Betty is right. The entire healthcare debacle is over the fact that the Republicans campaigned for seven years against an Obama-backed healthcare reform package, and never really meant to replace it because that went against their anti-government beliefs. The GOP ran on pure spite and absolute fear, and now that they’ve “won” they can’t do that anymore.
They used to organize around the “threat” of Obama but with him gone their factions are unraveling, and the saner ones are realizing that they actually have to govern now. But they’re tied to the hip with factions that DON’T want to govern, they just want to destroy and preen about it to their base. And past their agenda of tax cuts tax cuts and tax cuts ONLY for the rich, they’re empty shells fighting for lobbyist gigs in the near future.
rikyrah
@Kay:
Glad to hear that you have people running, Kay. Nothing worse than uncontested seats.
MomSense
Ok juicers you know what to do. Call. Fax. Storm the barricades. Release the vitriolic jackal!

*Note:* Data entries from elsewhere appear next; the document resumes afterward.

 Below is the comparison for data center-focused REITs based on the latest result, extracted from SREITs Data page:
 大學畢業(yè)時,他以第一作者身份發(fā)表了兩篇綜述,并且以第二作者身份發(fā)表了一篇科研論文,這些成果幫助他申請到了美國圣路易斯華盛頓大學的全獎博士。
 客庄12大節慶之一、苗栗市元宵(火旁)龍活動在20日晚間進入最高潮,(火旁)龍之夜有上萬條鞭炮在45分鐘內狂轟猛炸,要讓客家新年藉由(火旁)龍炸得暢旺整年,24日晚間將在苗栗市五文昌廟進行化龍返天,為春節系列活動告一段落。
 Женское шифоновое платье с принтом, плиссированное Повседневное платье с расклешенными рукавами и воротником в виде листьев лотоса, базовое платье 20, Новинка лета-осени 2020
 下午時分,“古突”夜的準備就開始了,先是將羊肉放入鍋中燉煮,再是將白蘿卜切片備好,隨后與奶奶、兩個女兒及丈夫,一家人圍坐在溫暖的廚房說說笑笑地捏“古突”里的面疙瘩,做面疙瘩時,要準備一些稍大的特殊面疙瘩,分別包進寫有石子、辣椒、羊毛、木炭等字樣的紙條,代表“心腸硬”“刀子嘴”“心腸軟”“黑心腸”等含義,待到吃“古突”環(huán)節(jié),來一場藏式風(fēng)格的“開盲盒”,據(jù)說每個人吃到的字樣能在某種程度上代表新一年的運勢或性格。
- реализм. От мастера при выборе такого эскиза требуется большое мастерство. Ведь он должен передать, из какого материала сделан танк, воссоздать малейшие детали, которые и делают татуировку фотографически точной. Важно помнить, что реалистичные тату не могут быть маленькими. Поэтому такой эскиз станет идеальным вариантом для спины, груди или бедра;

ETA Also too be super polite.
pseudonymous in nc
The more horse-trading happens, the clearer the GOP’s attitude towards actual healthcare becomes. It’s like a boat where instead of throwing out things to keep it afloat, they’re making more holes so it sinks faster.

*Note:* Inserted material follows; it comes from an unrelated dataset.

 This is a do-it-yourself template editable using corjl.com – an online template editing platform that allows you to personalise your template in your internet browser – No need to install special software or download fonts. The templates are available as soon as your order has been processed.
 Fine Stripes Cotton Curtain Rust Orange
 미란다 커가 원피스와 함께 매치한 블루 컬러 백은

EHBs tossed down to the states. HSAs jiggered around because people might spend their own damn money on abortions without it being taxed as well, given that it’s one of the few procedures that isn’t priced in the five-figure amount. The obvious incentive for junk insurers to create junk plans that match the tax credit, so that there’s a direct transfer from the federal government to private corporations in exchange for fuck-all. It’s breathtaking in its badness.
From Both Sides of the Pond
The idea that the young won’t have major expected medical bills is also ludicrous. I had a post a few years ago that had an HSA as part of the medical cover – they paid into it, so it wasn’t a hardship. Where did that HSA go? The maternity care for my wife for two kids. No more HSA.
Percysowner
Honestly, I’m starting to think that if the Republicans absolutely HAD to make a choice between lowering taxes and banning abortion (and female controlled contraception) we’d have higher taxes, because the ONLY thing they seem to swear allegiance to is keeping the uppity (women, non-Christian and POC’s) from having any rights whatsoever.
PST
It has been hard work to fine tune the AHCA to be worse than a simple, bare repeal of the ACA would be, but I think the republicans may now have succeeded. When you take into consideration the potential for a massive, useless transfer to insurers, today’s bill is worse than nothing.
D58826
This may be an oversimplification but isn’t the idea of young and healthy paying more into the Obamacare risk pool to either pre-fund their own old age or pay for the current old/sick and then 30 years on the youngins will do the same for them. It just seems like a the Obamacare risk pools are a simple more straight forward way to go.
IN a different context we already do this. I have been paying property tax for years to educate other people’s children. Just like the adults of my young days paid for mine. What I get back is an educated work force with good paying jobs to pay my Soc. Sec./medicare. Just like I paid for my parents generation soc.sec/medicare.
The GOOPers have convinced the public at large that unless each individual gets more back than they put in each year then it’s a rip off.
Ruckus
@MomSense:
That. That right there. That’s why I have a hard time calling. I had a job for 11 yrs that mostly could be boiled down to saying NO, but in a polite way, such that people who wanted something they knew they couldn’t have but still wanted really badly were supposed to walk away satisfied. 11 yrs of being polite to people who earned the privilege to be treated like asses, has taken it’s toll.
I have a very difficult time being minimally polite, I don’t even know where to look for super polite.
Ruckus
@D58826:
Republicans really aren’t good at this math thing are they?